Chapter 7. Monitoring

Monitoring data allows you to monitor the performance and health of AMQ Streams. You can configure your deployment to capture metrics data for analysis and notifications.

Metrics data is useful when investigating issues with connectivity and data delivery. For example, metrics data can identify under-replicated partitions or the rate at which messages are consumed. Alerting rules can provide time-critical notifications on such metrics through a specified communications channel. Monitoring visualizations present real-time metrics data to help determine when and how to update the configuration of your deployment. Example metrics configuration files are provided with AMQ Streams.

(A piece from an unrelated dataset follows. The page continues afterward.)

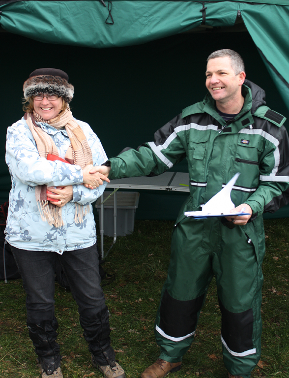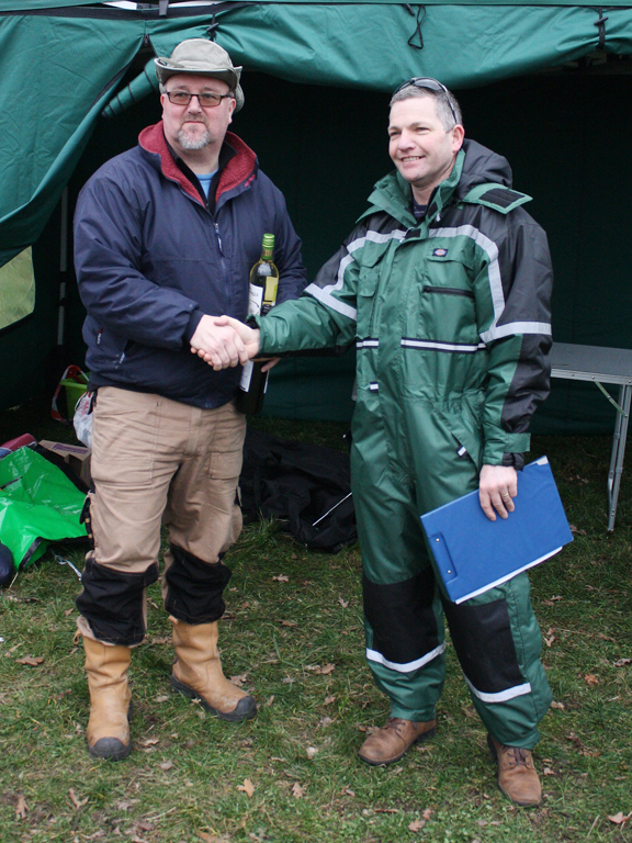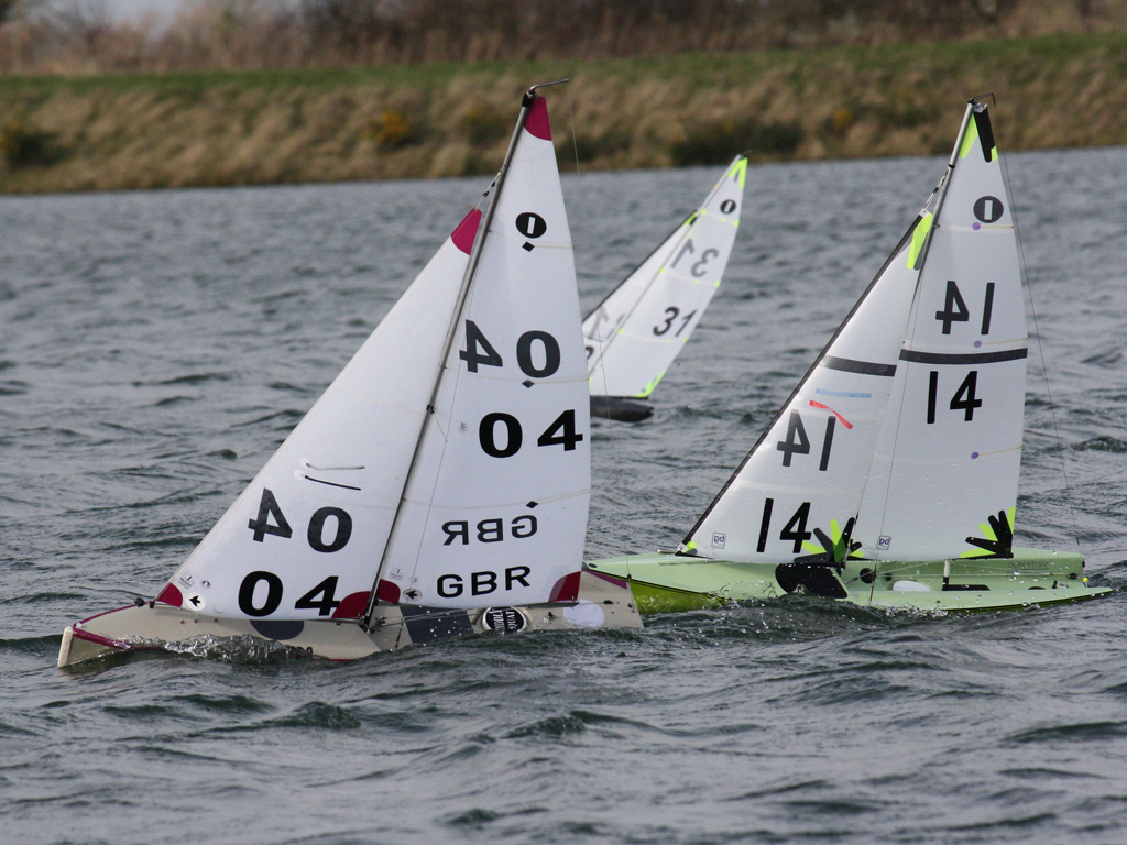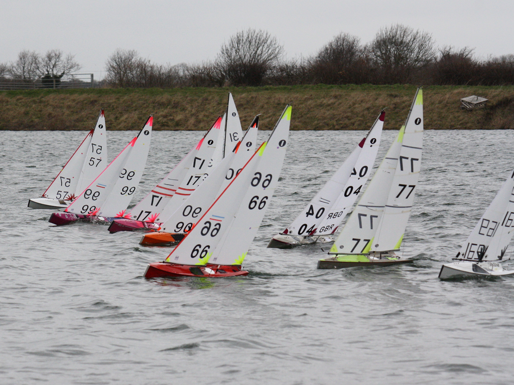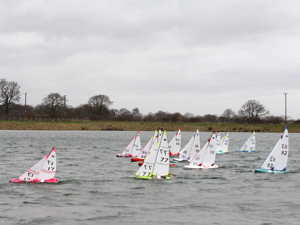 Sunday 23rd February dawned, the forecast was for 20 knots plus, cloudy with a small chance of rain as 25 skippers from as far away as Cornwall and Norwich descended on Scotland Farm for Lincoln Model Yacht Club’s first main event after severing ties with Hykeham Sailing Club. The lake is wide open and free from trees and buildings and it allows the race officer to set courses whatever the wind direction. The wind was southerly and gave a 180 metre beat and run. Rig choice played a big part with some very big gusts tearing down the lake. Some skippers went straight to C rig whilst others went up a size and put the B rig on, managing for the most part to handle the gusts. In the seeding races a V8 sailed by Dennis Payne and a Britpop sailed by Peter Sutton were both winners, and then the main event got started, and in the first three races Darin Ballington stamped his authority down with a first, second, and a third, with his shiny red Britpop. John Tushingham with his dark grey Departure was no slouch, being just one point behind at that stage, with Dave Burke and his blue Britpop keeping them both honest. Lincoln’s very own Martin Lambert sailing a very nice but quite old Lintel was having some bad luck with the marker buoys despite getting a third in the seeding race. Good form was also being shown by the Moster of Graham Whalley and the V8 of Dennis Payne. Also the old Gadget of Rob Wilson was showing some fine form. The next two races were taken by Darin, with John only managing a couple of thirds. Martin recovered well and got a second, his best result so far. It was all about consistency and being able to manage the gusts. Most people had decided that B rig was the best, but keeping it under control was not so easy with major wipe outs down wind being a regular occurrence. Race Officer, Chris Elliot kept the racing going with a short lunch break, and only one protest to deal with that took moments to resolve. The racing was excellent both to participate and to watch. Vinnie Zammit was sailing his new MX14, of which more are in build as I speak, and this could be a boat of the future. Peter Cropper sailed his Nemesis well, and am sure was happy with his 5th position overall. Seven different designed boats in the top ten proves that I.O.M. racing is hugely competitive and exciting. In the end it all came down to the last race of the day with both Darin and John fighting it out. Darin got the first place he needed to take the event from John, with Dave in third place. The Ladies also had a great day with newcomers Tracy and Jen improving as the day went on, but in the end it was Liz who took home the chocolates, sailing her departure into 14th place overall. Many thanks to everybody who competed and for the courteous behaviour shown by all. I should mention that half way through the event Dave Hollum dived very close to the bank and was lucky not to roll in. Once he had recovered he was told “that kind of behaviour would not be tolerated and to keep it for the football field” Dave apologised and promised it would not happen again.

Distributed tracing complements the gathering of metrics data by providing a facility for end-to-end tracking of messages through AMQ Streams.

Cruise Control provides support for rebalancing of Kafka clusters, based on workload data.

Metrics and monitoring tools

AMQ Streams can employ the following tools for metrics and monitoring:

  • Prometheus pulls metrics from Kafka, ZooKeeper and Kafka Connect clusters. The Prometheus Alertmanager plugin handles alerts and routes them to a notification service.
  • Kafka Exporter adds additional Prometheus metrics
  • Grafana provides dashboard visualizations of Prometheus metrics
  • Jaeger provides distributed tracing support to track transactions between applications
  • Cruise Control balances data across a Kafka cluster

7.1. Prometheus

Prometheus can extract metrics data from Kafka components and the AMQ Streams Operators.

To use Prometheus to obtain metrics data and provide alerts, Prometheus and the Prometheus Alertmanager plugin must be deployed. Kafka resources must also be deployed or redeployed with metrics configuration to expose the metrics data.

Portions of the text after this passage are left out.